9.4 KiB
U3 Architecture Design: Semantic Router
Status: APPROVED — Design follows existing CostAwareRouter layer pattern Date: 2026-06-14 Unit: U3 of P0 Production Hardening Plan
1. Design Goals
- Zero LLM cost for confident matches: When semantic similarity > 0.85, skip Layer 2 LLM classification entirely
- Reduce LLM tokens for medium matches: When similarity 0.6-0.85, pass skill hint to Layer 2, reducing classification tokens
- Chinese-first: Embedding model must handle Chinese+English mixed text well
- Pre-computed skill embeddings: Compute at skill registration time, not query time
- Graceful degradation: If embedder fails, fall through to existing Layer 1/2 flow
2. Insertion Point Analysis
Current CostAwareRouter.route() flow:
Layer 0: Rule-based (zero cost)
→ explicit_skill / greeting / chat_mode / identity → return
Layer 1: Complexity classification
→ low (<0.3) → DIRECT_CHAT → return
→ medium (0.3-0.7) → _classify_merged() or IntentRouter → return
→ high (>0.7) → Layer 2
Layer 2: Capability matching / Auction
→ return
Semantic Router insertion: Between Layer 1 complexity classification and the medium/high branching
Layer 1: Complexity classification → complexity score
→ low (<0.3) → DIRECT_CHAT → return
→ medium (0.3-0.7):
┌─ Layer 1.5: Semantic Router (NEW) ─────────────┐
│ embed query → compare with skill embeddings │
│ sim > 0.85 → SKILL_REACT with matched skill │
│ sim 0.6-0.85 → pass skill_hint to _classify_merged │
│ sim < 0.6 → proceed to _classify_merged normally │
└──────────────────────────────────────────────────┘
→ high (>0.7):
┌─ Layer 1.5: Semantic Router (NEW) ─────────────┐
│ sim > 0.85 → SKILL_REACT with matched skill │
│ sim 0.6-0.85 → pass skill_hint to Layer 2 │
│ sim < 0.6 → proceed to Layer 2 normally │
└──────────────────────────────────────────────────┘
Why both medium AND high complexity?
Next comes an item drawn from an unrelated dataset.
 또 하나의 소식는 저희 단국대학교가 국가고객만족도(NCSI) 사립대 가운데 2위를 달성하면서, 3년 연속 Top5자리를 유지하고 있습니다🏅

The plan says "when Layer 1 returns medium complexity (0.3-0.7), try semantic routing first." But semantic routing is also valuable for high complexity — if we can confidently match a skill at zero cost, we should. The cost saving is even greater for high complexity (which would use more expensive Layer 2 LLM calls).
3. Component Design
3.1 SkillEmbeddingIndex
class SkillEmbeddingIndex:
"""Pre-computed embedding index for registered skills."""
def __init__(self, embedder: Embedder):
self._embedder = embedder
self._index: dict[str, tuple[list[float], str]] = {} # skill_name → (embedding, source_text)
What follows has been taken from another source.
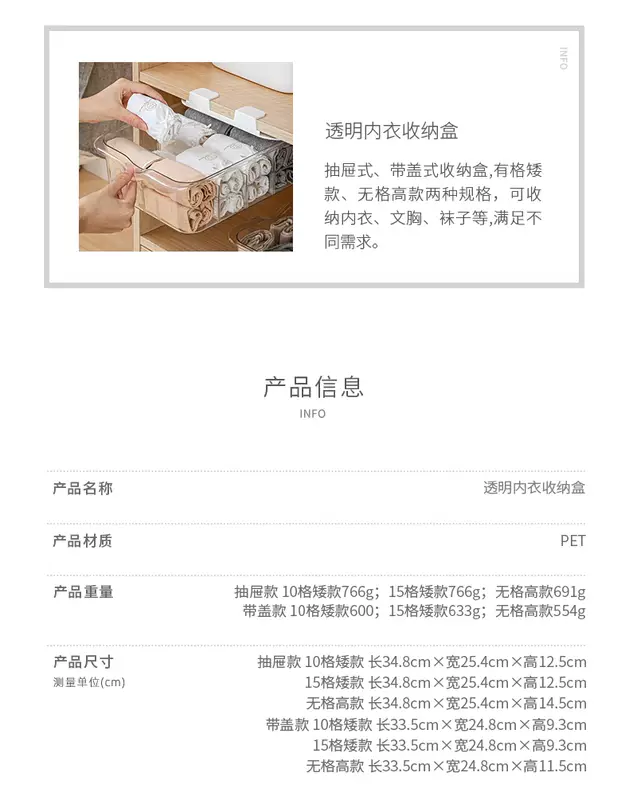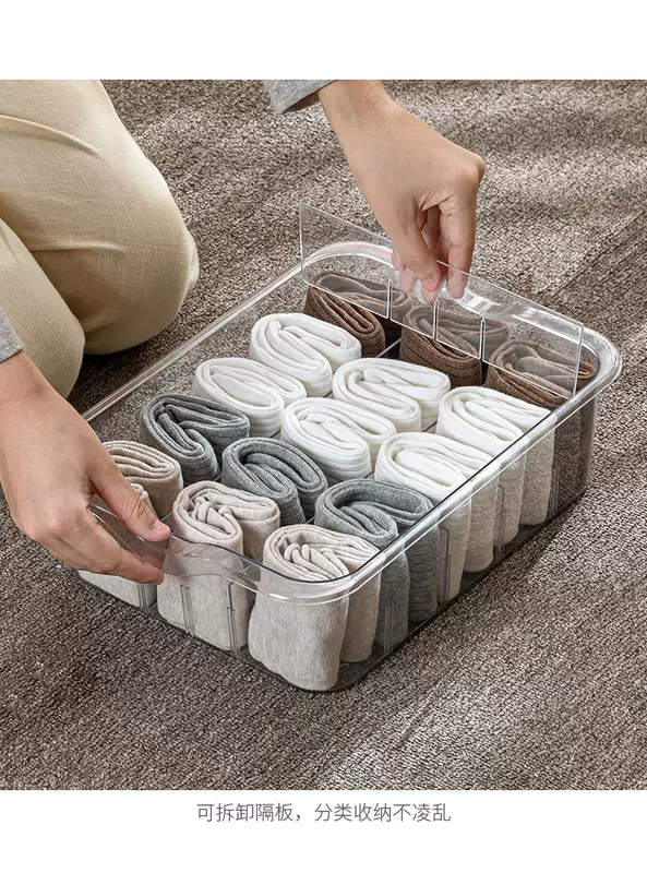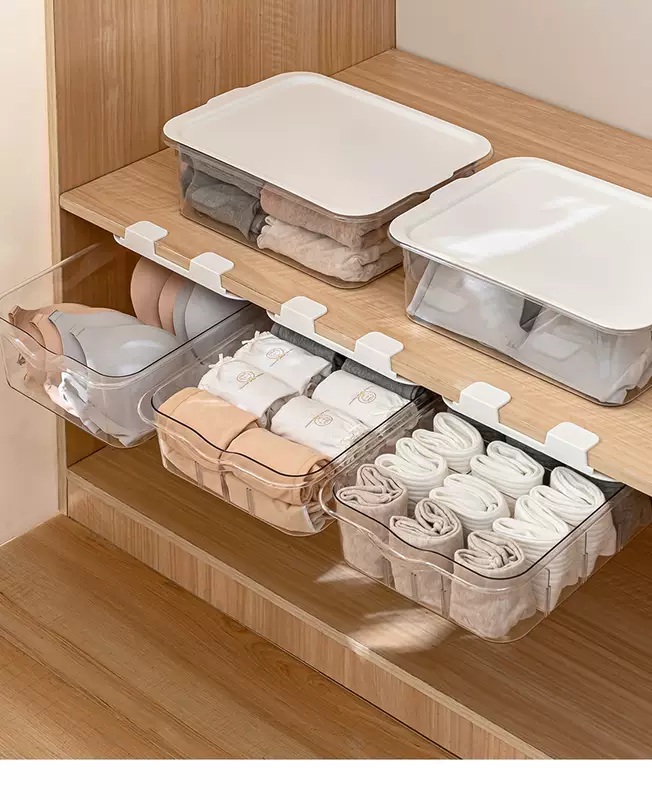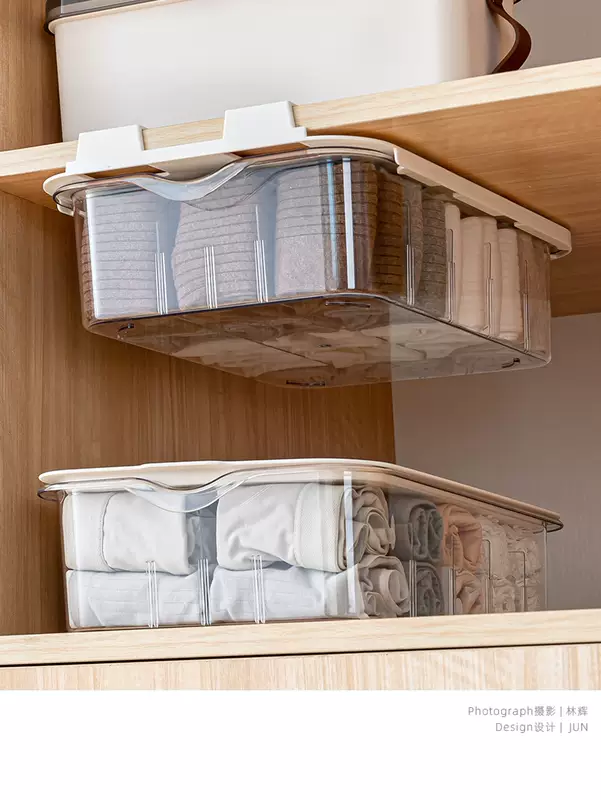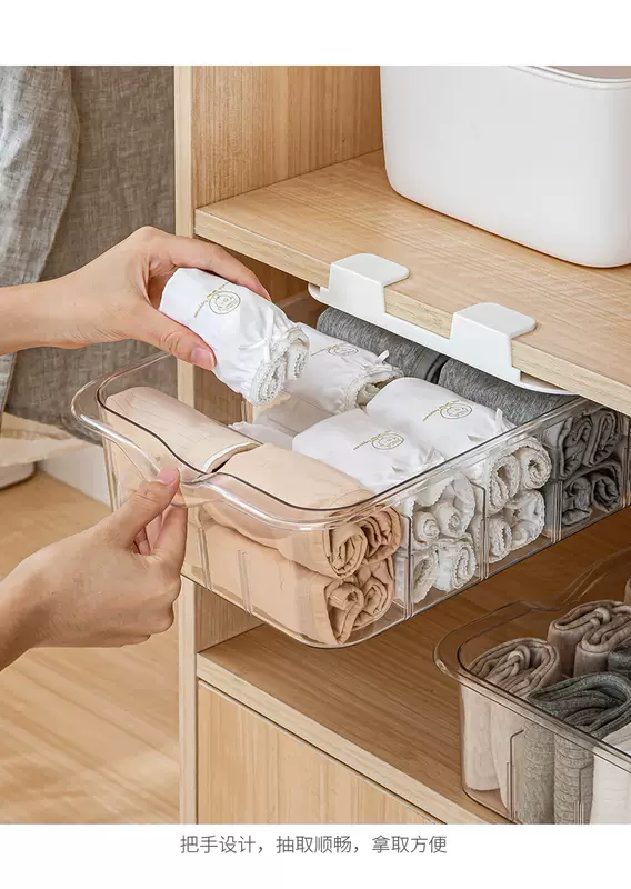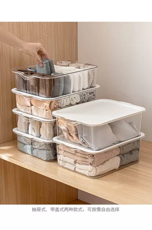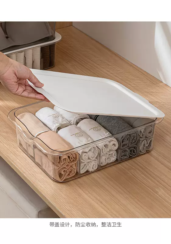Yusenyi Clothes Underwear Organizing Underwear Socks Storage Box Transparent Household Partition Wardrobe Layered Artifact Drawer Basket White Transparent 10-Gate Short Underwear Storage Floor-Standing With Lid

async def build(self, skill_registry) -> None:
"""Build index from all registered skills."""
...
async def update_skill(self, skill_name: str, skill) -> None:
"""Re-embed a single skill (on registration/update)."""
...
def remove_skill(self, skill_name: str) -> None:
"""Remove a skill from the index."""
...
async def search(self, query: str, top_k: int = 5) -> list[tuple[str, float]]:
"""Search for skills matching the query. Returns [(skill_name, similarity)]."""
...
3.2 SemanticRouter
class SemanticRouter:
"""Embedding-based semantic routing as Layer 1.5."""
def __init__(
self,
embedder: Embedder,
similarity_high: float = 0.85,
similarity_low: float = 0.6,
):
self._index = SkillEmbeddingIndex(embedder)
self._similarity_high = similarity_high
self._similarity_low = similarity_low
self._enabled = True
async def route(self, query: str) -> SemanticRouteResult:
"""Route a query using semantic similarity.
Returns:
SemanticRouteResult with:
- confidence: "high" | "medium" | "low"
- skill_name: matched skill name (None if low confidence)
- similarity: cosine similarity score
"""
...
@dataclass
class SemanticRouteResult:
confidence: str # "high" | "medium" | "low"
skill_name: str | None
similarity: float
4. Skill Embedding Source Text
Design Decision: What text to embed for each skill?
source_text = f"{skill.description} | {' '.join(skill.intent.keywords)} | {' '.join(cap.tag for cap in skill.capabilities)}"
Why this combination?
description: Captures the semantic meaning of what the skill doesintent.keywords: Captures the trigger phrases users might usecapability tags: Captures the functional categories
Chinese consideration: Skill descriptions and keywords are often in Chinese. The embedding model must handle this well. bge-m3 is the default for this reason.
5. Integration into CostAwareRouter
5.1 Constructor Change
class CostAwareRouter:
def __init__(self, ..., semantic_router: SemanticRouter | None = None):
self._semantic_router = semantic_router
...
5.2 Route Method Modification
The key change is in route(), after Layer 1 complexity classification:
# After complexity is determined (medium or high)
if self._semantic_router is not None and complexity >= 0.3:
try:
semantic_result = await self._semantic_router.route(clean_content)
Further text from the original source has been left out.